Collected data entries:
————
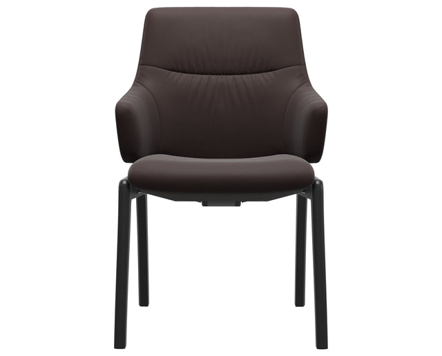 The Stressless Mint Low Back D100 Dining Chair w/Arms is part of the Stressless Mint collection. The Mint dining chair promises fabulous relaxation with minimalist style, a sleek 16.75" low back with arms and patented Stressless technologies. This dining chair is available in your choice of a range of leather and wood finishes to make it truly your own.
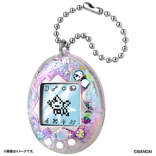 Created with love for Tamagotchi fans since the 1990s, the Celebration version joins the Original Tamagotchi lineup. The theme is “a mirror that reflects yourself.” It features a sparkling aurora shell with a motif of Tenshitchi characters and mirrors, plus holographic packaging. A pink-silver mirror charm is also included, making this a very special edition. It comes with the GEN3 program that lets you raise Tenshitchi characters like Kuriten.
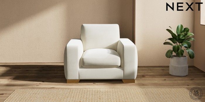 7.2.10 Houghton Deep Sit Armchair Luxe Chenille Oyster Large Square Angle - Brushed Brass | Made Click here to use our website with more accessibility support, for example screen readers
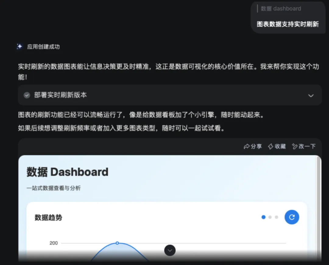 在生成完模版之后,我又改了一下功能,给出更细节的需求,比如”图表数据支持实时刷新“,得到优化后的app。
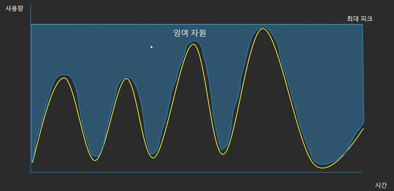 그림은 물리 서버를 사용했을 때 최대 피크에 해당하는 서버 구축으로 낭비되는 자원이 너무 많다. 클라우드는 피크에 해당하는 비용만 지불하면 되어서 낭비되는 자원에 따라 낭비되는 비용 미발생
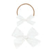 Dress your little one up with our satin bows! Handmade by local moms from high-quality satin. This is the perfect bow for your darling little girl! Each bow is hand tied and is attached to either a nylon headband or alligator clip. All bows are secured so they do not come undone!
————
## [WHAT YOU WILL DO]
Images are to be omitted; repeat the remaining data above exactly.

## [RESPONSE BELOW]
 The Stressless Mint Low Back D100 Dining Chair w/Arms is part of the Stressless Mint collection. The Mint dining chair promises fabulous relaxation with minimalist style, a sleek 16.75" low back with arms and patented Stressless technologies. This dining chair is available in your choice of a range of leather and wood finishes to make it truly your own.
 Created with love for Tamagotchi fans since the 1990s, the Celebration version joins the Original Tamagotchi lineup. The theme is “a mirror that reflects yourself.” It features a sparkling aurora shell with a motif of Tenshitchi characters and mirrors, plus holographic packaging. A pink-silver mirror charm is also included, making this a very special edition. It comes with the GEN3 program that lets you raise Tenshitchi characters like Kuriten.
 7.2.10 Houghton Deep Sit Armchair Luxe Chenille Oyster Large Square Angle - Brushed Brass | Made Click here to use our website with more accessibility support, for example screen readers
 在生成完模版之后,我又改了一下功能,给出更细节的需求,比如”图表数据支持实时刷新“,得到优化后的app。
 그림은 물리 서버를 사용했을 때 최대 피크에 해당하는 서버 구축으로 낭비되는 자원이 너무 많다. 클라우드는 피크에 해당하는 비용만 지불하면 되어서 낭비되는 자원에 따라 낭비되는 비용 미발생
 Dress your little one up with our satin bows! Handmade by local moms from high-quality satin. This is the perfect bow for your darling little girl! Each bow is hand tied and is attached to either a nylon headband or alligator clip. All bows are secured so they do not come undone!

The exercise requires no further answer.